This code is a simple implementation of a neural network with a single hidden layer using the backpropagation algorithm for training. The network is trained on the MNIST dataset, which consists of 60,000 28x28 grayscale images of handwritten digits and their corresponding labels. The goal of the network is to classify the images into one of 10 classes (0-9).
data.py
: This module contains the get_mnist function, which is used to load the MNIST dataset.
numpy
: This library is used for numerical computing, including operations on arrays and matrices.
matplotlib
: This library is used to plot the images and their corresponding labels.
The network consists of:
An input layer with 784 (28x28) nodes, one for each pixel in the image. A single hidden layer with 20 nodes. An output layer with 10 nodes, one for each class. The weights and biases between the layers are initialized randomly using a uniform distribution. The network uses the sigmoid activation function for both the hidden and output layers. The cost function used to measure the error of the network is the mean squared error.

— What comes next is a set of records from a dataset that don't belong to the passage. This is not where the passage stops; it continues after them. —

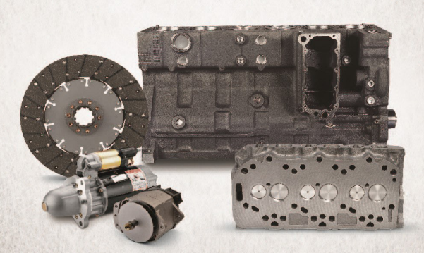
To learn more, visit mycnhreman.com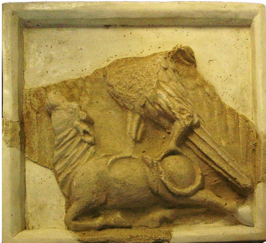
Parthian relief from Zahhak Castle in East Azerbaijan province, Iran: a bird (possibly eagle) stands on the back of a ball. This may be the very original mythical narrative and form of Mithraic tauroctony.

https://en.wikipedia.org/wiki/Tauroctony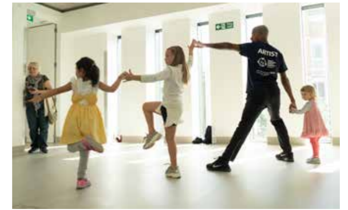
Left: Dance performance by Wayne McGregor Studio Right: Together Chorus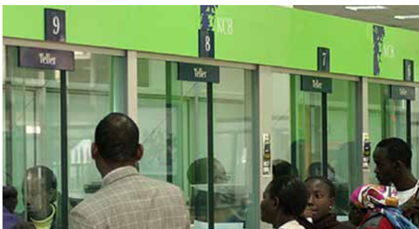
Clients wait to be served at a Kenya Commercial Bank branch. A single currency within the Community is a key towards an integrated financial framework

In the same vein, it shall create a paradisiacal East African Community, proud of itself, historical in Africa and exemplar in the world.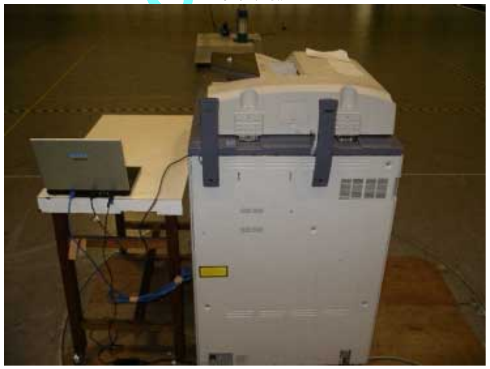
- Rear View -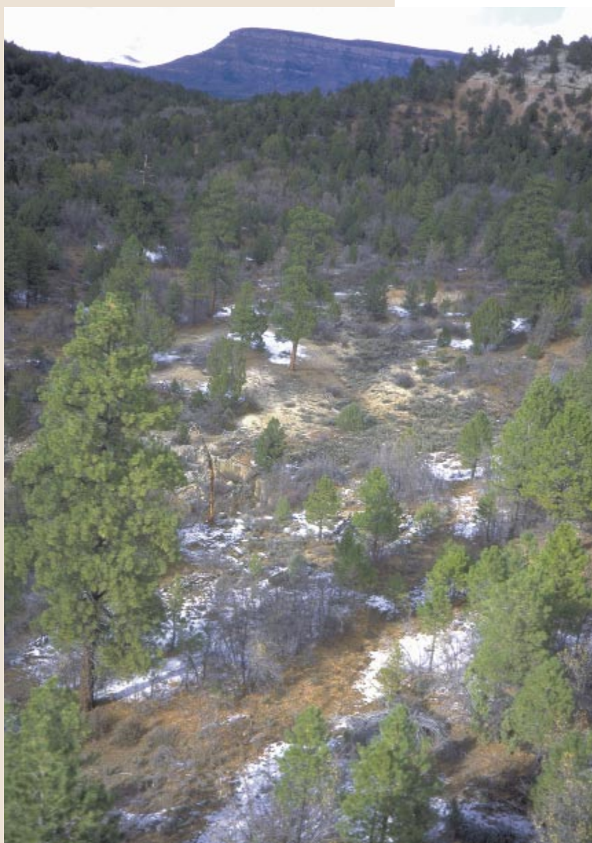
ORDERVILLE CANYON—Excellent screening is provided by ponderosa pine, piñon, oak, and juniper, enhancing outstanding solitude opportunities in Unit 1 and the contiguous WSAs.

The six units are ecological extensions of the Orderville Canyon WSA and the North Fork WSA, where special features have been identified. Four Category 2 candidate plant species may occur: Asplenium andrewsii , Erigeron sionis , Heterotheca ionensis , and Sphaeromeria ruthiae . Raptors that may inhabit the area include golden eagles, peregrine falcons, and red-tailed and Cooper's hawks. Big game animals include mule deer, elk, and cougar.

The network is trained using the backpropagation algorithm, which involves the following steps:
Forward propagation: The input image is passed through the network, and the output is calculated using the current weights and biases. Cost calculation: The error between the predicted output and the true label is calculated using the cost function. Backpropagation: The error is backpropagated through the network, and the weights and biases are updated using gradient descent. Repeat for all images in the training set for a certain number of epochs. The learning rate and number of epochs can be adjusted to control the speed and convergence of the training process.
After training, the user can input an index between 0 and 59,999 to see the corresponding image and the predicted label output by the network. The network's accuracy on the training set is also printed after each epoch.
To run the code, simply execute python NN.py
. The user will be prompted to enter an index to see the corresponding image and prediction. The process can be repeated until the user exits the program.